**RECORDED DATA:**
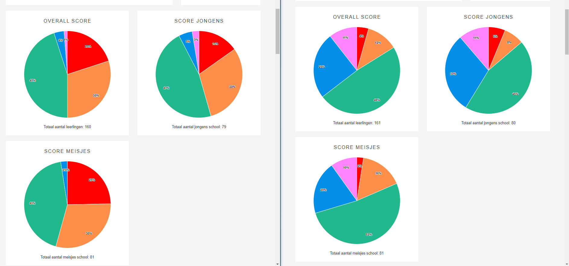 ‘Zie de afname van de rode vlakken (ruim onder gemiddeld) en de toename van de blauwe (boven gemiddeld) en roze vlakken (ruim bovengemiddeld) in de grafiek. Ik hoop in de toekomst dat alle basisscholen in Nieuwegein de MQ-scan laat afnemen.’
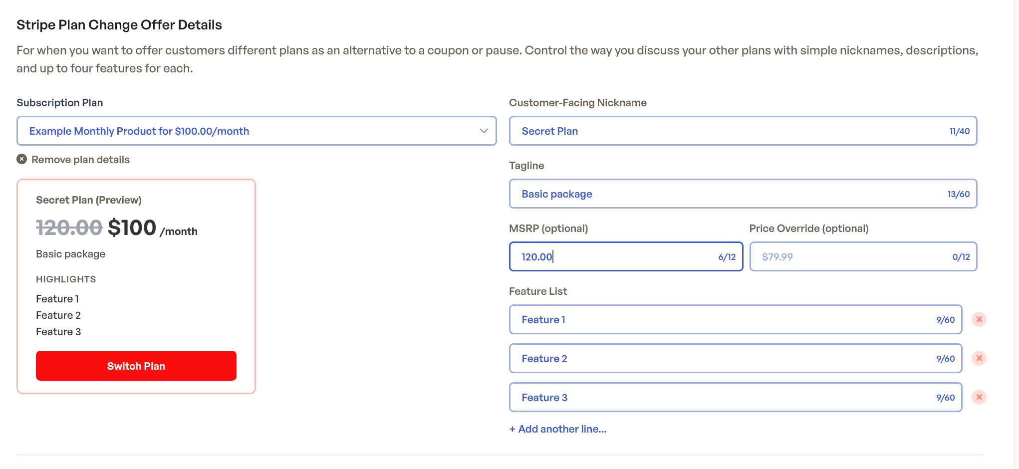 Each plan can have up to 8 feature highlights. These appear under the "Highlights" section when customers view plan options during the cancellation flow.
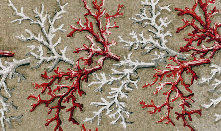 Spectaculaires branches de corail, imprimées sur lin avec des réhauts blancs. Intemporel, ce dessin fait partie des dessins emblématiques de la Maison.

**WHAT THIS TASK INVOLVES:** Everything in the listing must be copied exactly except the pictures.

**RESPONSE FOR THIS EXERCISE:**
 ‘Zie de afname van de rode vlakken (ruim onder gemiddeld) en de toename van de blauwe (boven gemiddeld) en roze vlakken (ruim bovengemiddeld) in de grafiek. Ik hoop in de toekomst dat alle basisscholen in Nieuwegein de MQ-scan laat afnemen.’
 Each plan can have up to 8 feature highlights. These appear under the "Highlights" section when customers view plan options during the cancellation flow.
 Spectaculaires branches de corail, imprimées sur lin avec des réhauts blancs. Intemporel, ce dessin fait partie des dessins emblématiques de la Maison.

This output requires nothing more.